Indexing in DBMS

Introduction and Types of Index

After studying file organization, we now understand how records are stored on disk. However, even with good file organization, searching for specific records can still be slow.

To improve search efficiency, DBMS uses Indexing.

Indexing is a data structure technique used to speed up data retrieval operations.


1. What is Indexing?

Indexing is a mechanism used by DBMS to quickly locate records without scanning the entire file.

An index is similar to the index of a book:

  • Instead of reading every page,
  • You look at the index,
  • Find the page number,
  • And directly go to that page.

Similarly, in DBMS:

  • The index stores key values
  • Along with pointers to the actual records on disk.

2. Why Do We Need Indexing?

Without indexing:

  • Searching requires a full table scan.
  • Time complexity becomes O(n).
  • Disk I/O operations increase.

With indexing:

  • Direct access to records.
  • Fewer disk accesses.
  • Faster query execution.

Indexing is especially important when:

  • The table is large.
  • Search operations are frequent.
  • Range queries are common.

3. Basic Structure of an Index

An index contains:

  • Search key (attribute used for searching)
  • Pointer (address of record or block)

Example:

Roll_No

Pointer

101

Block 1

102

Block 3

103

Block 5

The index is usually stored separately from the data file.


4. Types of Indexing

There are different types of indexing based on structure and storage.

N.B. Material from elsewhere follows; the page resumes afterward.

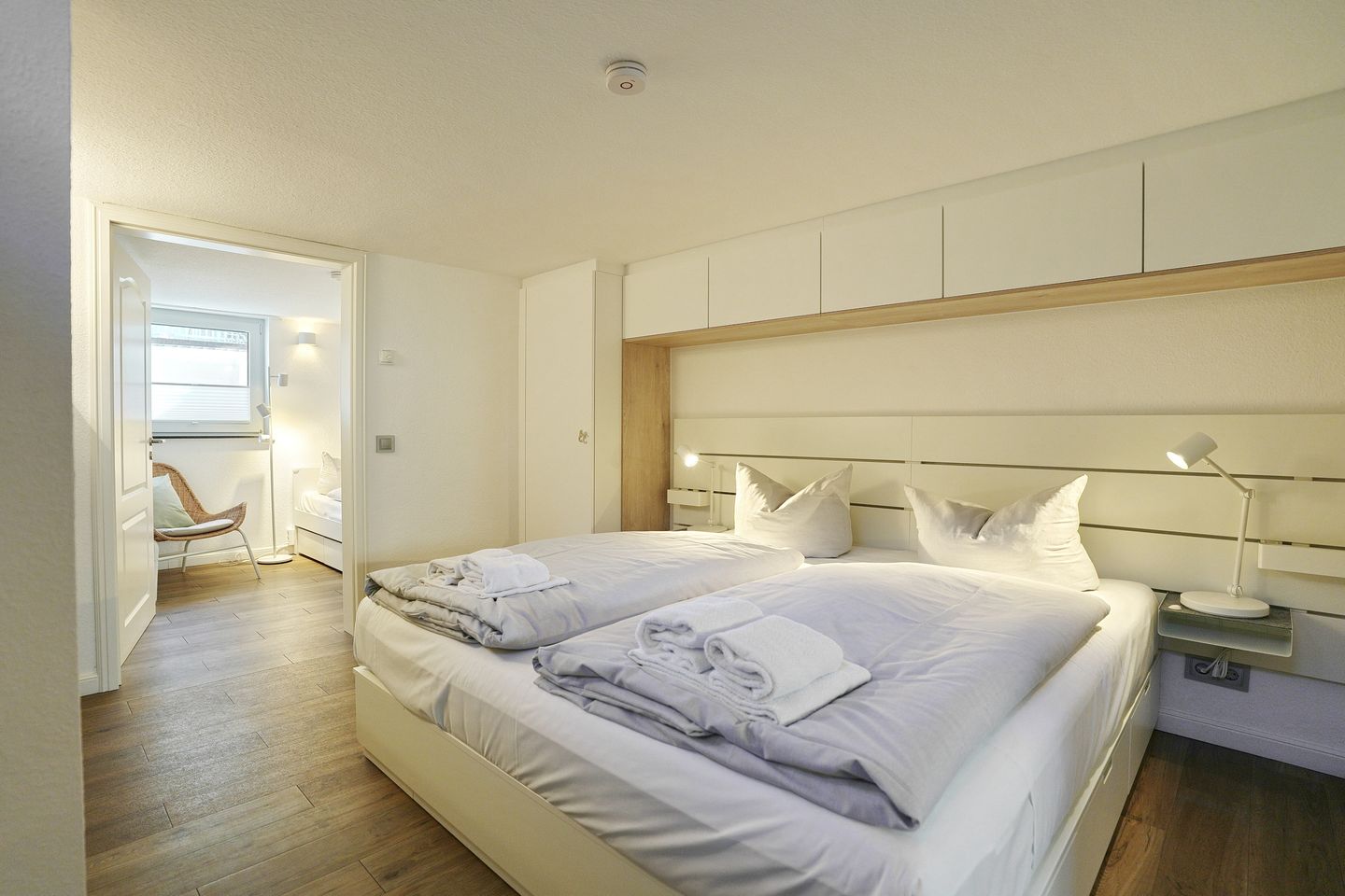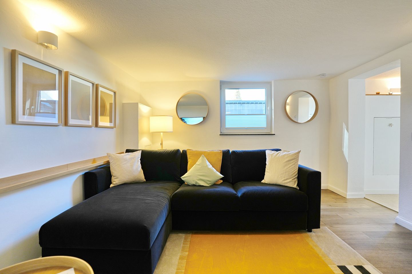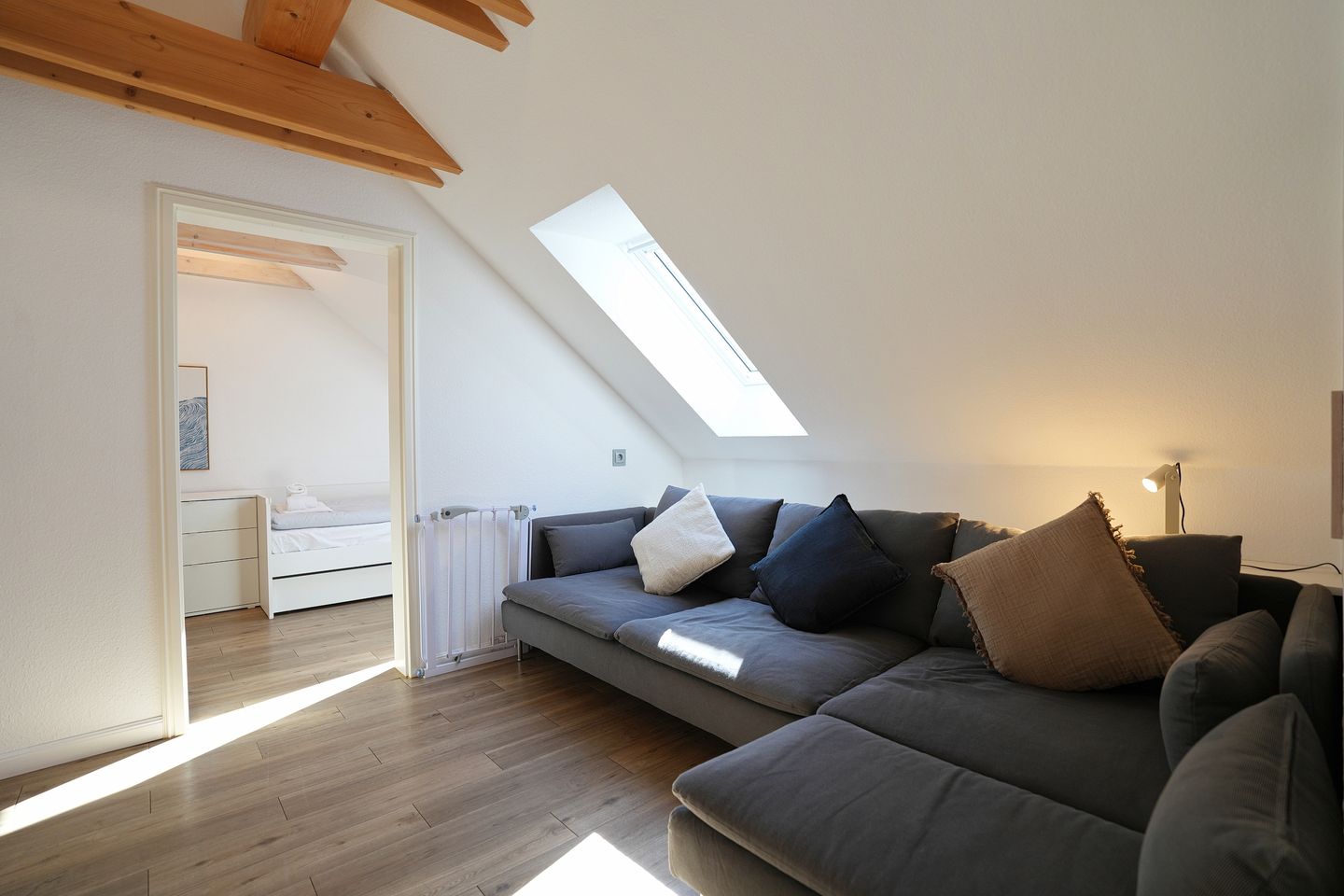 Im Untergeschoss (separater Eingang, keine Verbindungstür vom Haus) befindet sich ein individuelles und geräumiges 2,5-Zimmer Appartement (58 m²) mit eigener Sauna (kostenfrei). Das Wohnzimmer mit Flatscreen-TV lädt zum Verweilen ein. Der Schlafraum ist mit einem Doppelbett ausgestattet. Von dort aus gelangen Sie durch eine Tür in ein zweites kleines Schlafzimmer, das mit einem Einzelbett ausgestattet ist.

We will first understand basic classification.


5. Primary Index

A Primary Index is created on the primary key of the table.

Characteristics:

  • The data file is sorted based on the primary key.
  • The index is built on that sorted key.
  • Usually, a sparse index.

Example:

If records are sorted by Student_ID, the index is built on Student_ID.


5.1 Features of Primary Index

  • One primary index per table.
  • Efficient for range queries.
  • Requiresa sorted file.

6. Secondary Index

A Secondary Index is created on a non-primary key attribute.

Characteristics:

  • The data file may not be sorted.
  • Multiple secondary indexes can exist.
  • Usually, a dense index.

Example:

Creatingan index on the Department in a Student table.

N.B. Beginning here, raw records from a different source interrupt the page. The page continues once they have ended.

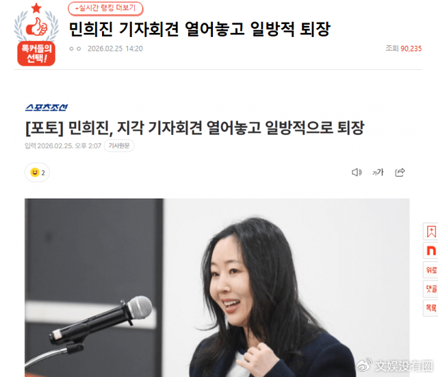 Hybe又开黑了?韩网出现大量黑帖子:闵熙珍开记者会却单方面离场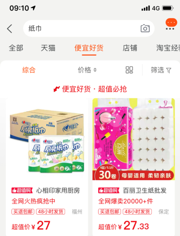 據(jù)悉,從今天起,消費(fèi)者在淘寶APP首頁(yè)搜索任一商品,如“紙巾”,即可在主搜第三欄看到名為“便宜好貨”的特賣區(qū),這是淘寶全面發(fā)力下沉市場(chǎng)的最新動(dòng)作。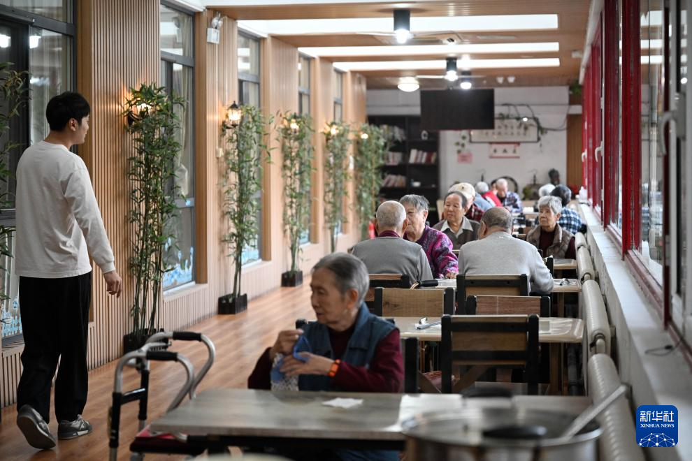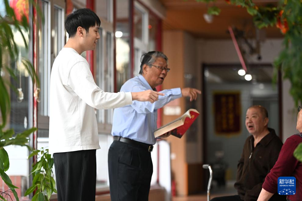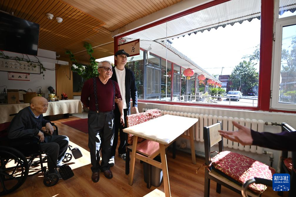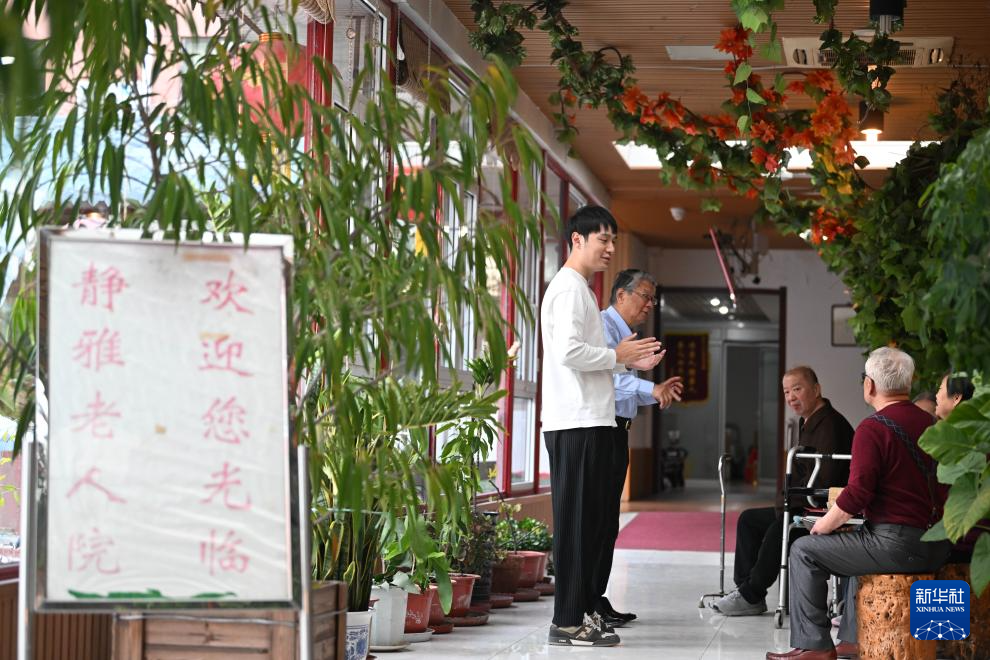 陈卓在静雅老人院进行陪护工作(10月20日摄)。新华社记者李然摄pagebreak
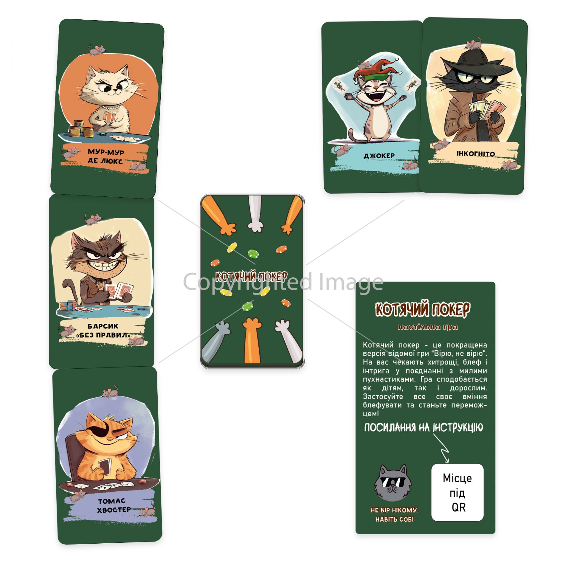 «Котячий покер» — це драйвова гра для вечірок, сімейних посиденьок і дружніх зустрічей. Веселі емоції й море сміху гарантовані!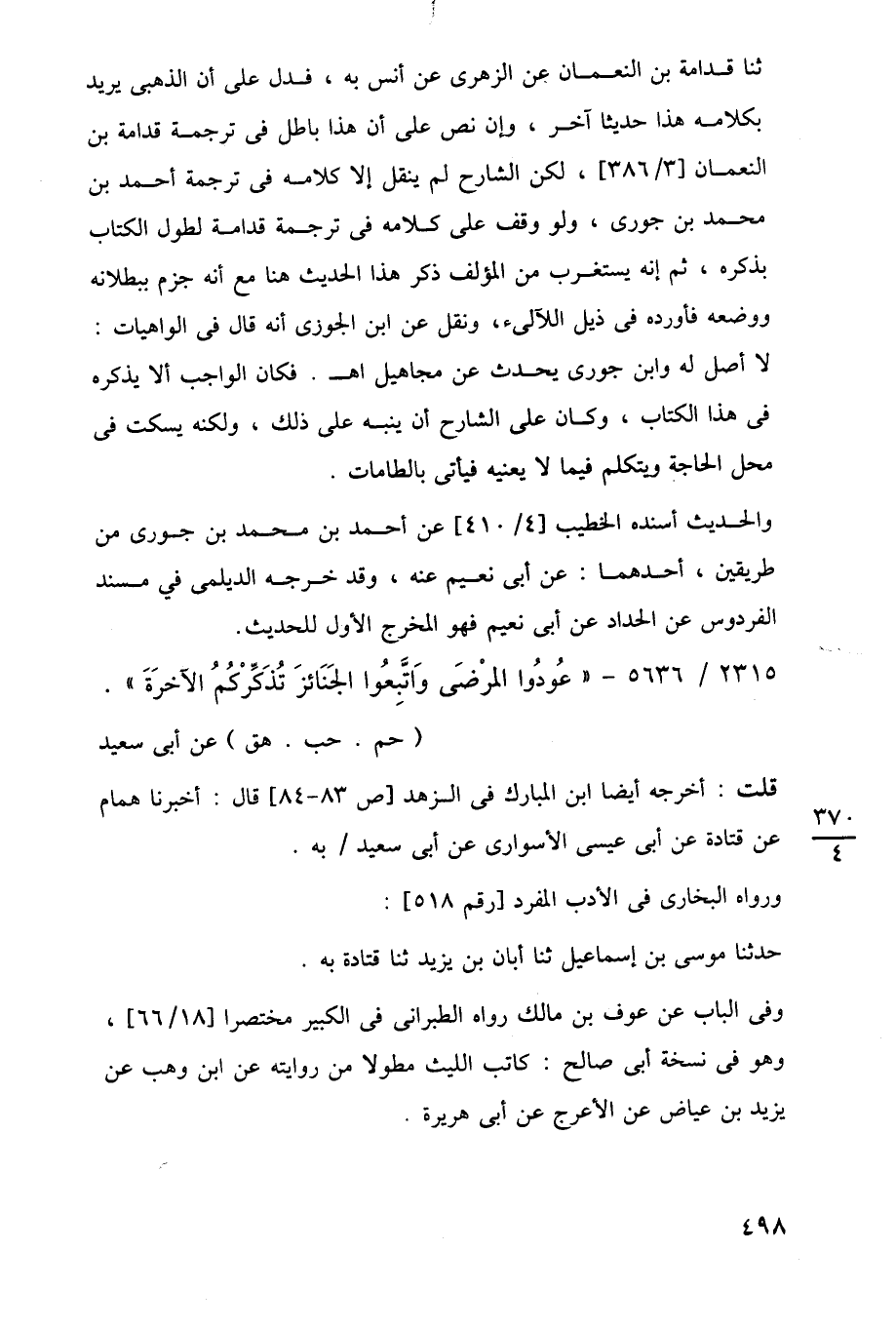 ثنا قدامة بن النعمان عن الزهرى عن أنس به، فدل على أن الذهبى يريد بكلامه هذا حديثا آخر، وإن نص على أن هذا باطل في ترجمة قدامة بن النعمان [3/ 386]، لكن الشارح لم ينقل إلا كلامه في ترجمة أحمد بن محمد بن جورى، ولو وقف على كلامه في ترجمة قدامة لطول الكتاب بذكره، ثم إنه يستغرب من المؤلف ذكر هذا الحديث هنا مع أنه جزم ببطلانه ووضعه فأورده في ذيل اللآلئ، ونقل عن ابن الجوزى أنه قال في الواهيات: لا أصل له وابن جورى يحدث عن مجاهيل اهـ. فكان الواجب ألا يذكره في هذا الكتاب، وكان على الشارح أن ينبه على ذلك، ولكنه يسكت في محل الحاجة ويتكلم فيما لا يعنيه فيأتى بالطامات.

6.1 Features of Secondary Index

  • Can exist on multiple attributes.
  • Improves search on non-key attributes.
  • Requires extra storage.

7. Dense Index

In a Dense Index:

  • There is an index entry for every search key value.
  • Every record has a corresponding index entry.

Example:

If a file has 1000 records, the index will have 1000 entries.

Advantages:

  • Faster search.
  • Direct record access.

Disadvantages:

  • Larger index size.
  • More storage is required.

8. Sparse Index

In a Sparse Index:

  • Index entries are created only for some search key values.
  • Usually one entry per block.

Example:

If each block stores 100 records, the index may store one entry per block.

Advantages:

  • Smaller index size.
  • Less storage is required.

Disadvantages:

  • Slightly slower than dense index.
  • Requires a sorted file.

9. Multilevel Index

When a single-level index becomes too large:

  • Searching the index itself becomes slow.

Solution:

Create an index on the index.

This is called Multilevel Indexing.

Structure:

Data File

Level 1 Index

Level 2 Index

This reduces search time significantly.

Multilevel indexing forms the foundation of tree-based indexing (like B+ Trees).

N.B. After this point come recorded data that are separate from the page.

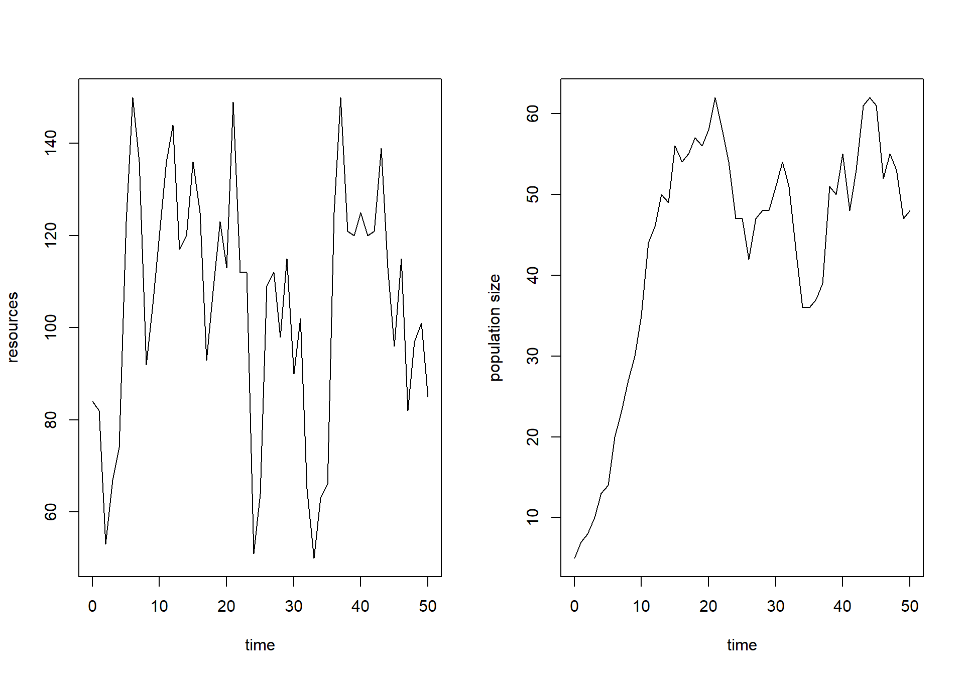 “resources” and “population size” as y-axis labels for the two plots.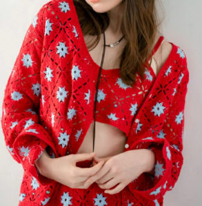 夏らしい華やかな配色の編地と、カラフルなクリアビーズが目を惹くカーディガンです。
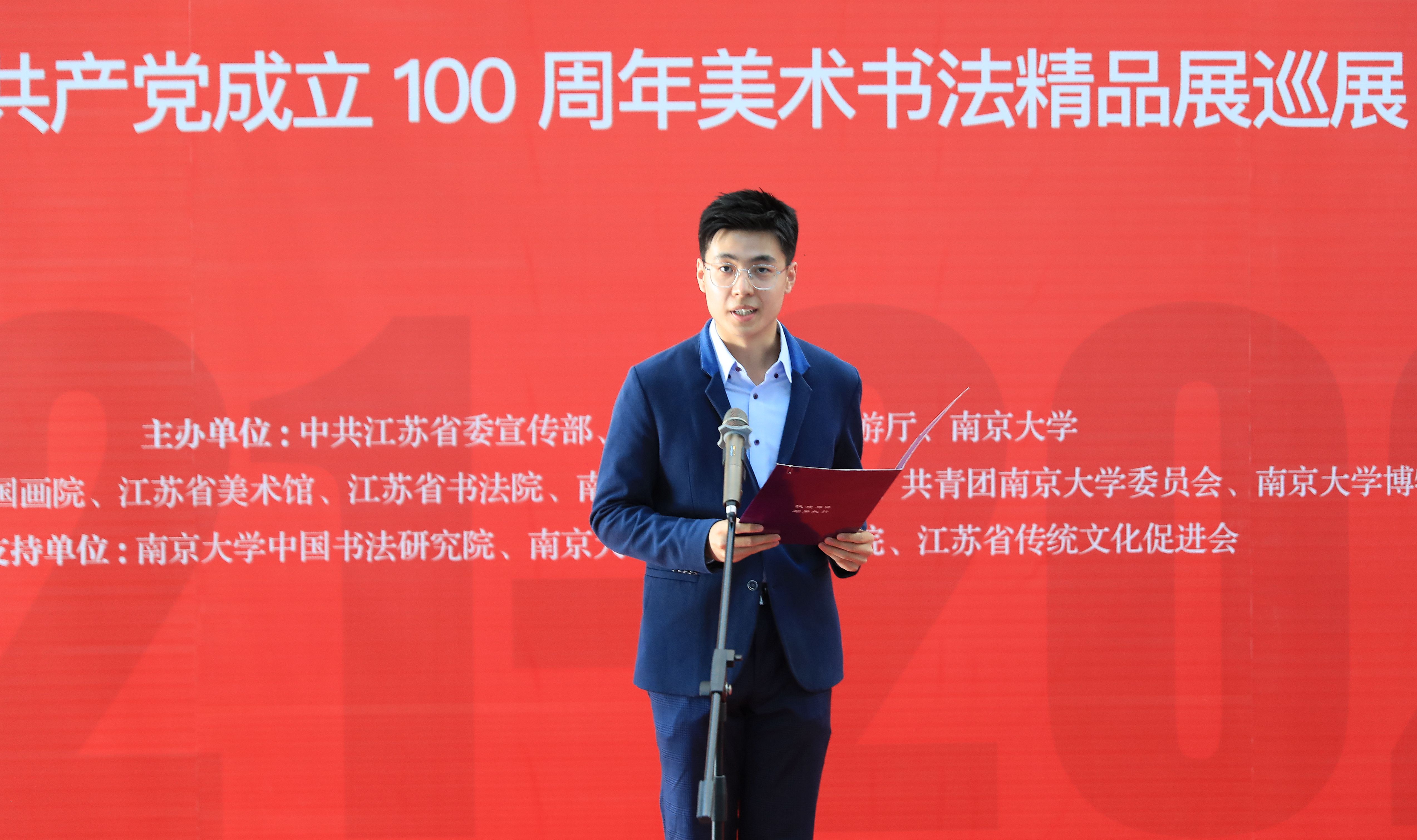 学生党员代表、哲学系博士研究生孔伟宇在发言中表示,党史学习是流淌在每一位南大学子身上的红色血脉,笔墨丹青是党史学习的生动载体,当代青年是创造历史新的主体,自己一定会从这些优秀的书画作品中汲取精神力量,用实际行动把青春奋斗融入党和人民的事业。

10. Comparison of Index Types

Type

Sorted File Required

Entries per Record

Use Case

Primary Index

Yes

Sparse

Primary key search

Secondary Index

No

Dense

Non-key search

Dense Index

No

One per record

Fast retrieval

Sparse Index

Yes

One per block

Storage efficient


Summary

In this article, we studied:

  • What indexing is
  • Why is indexing needed
  • Structure of an index
  • Primary and Secondary index
  • Dense and Sparse index
  • Multilevel indexing

Indexing improves performance by reducing disk I/O and speeding up search operations.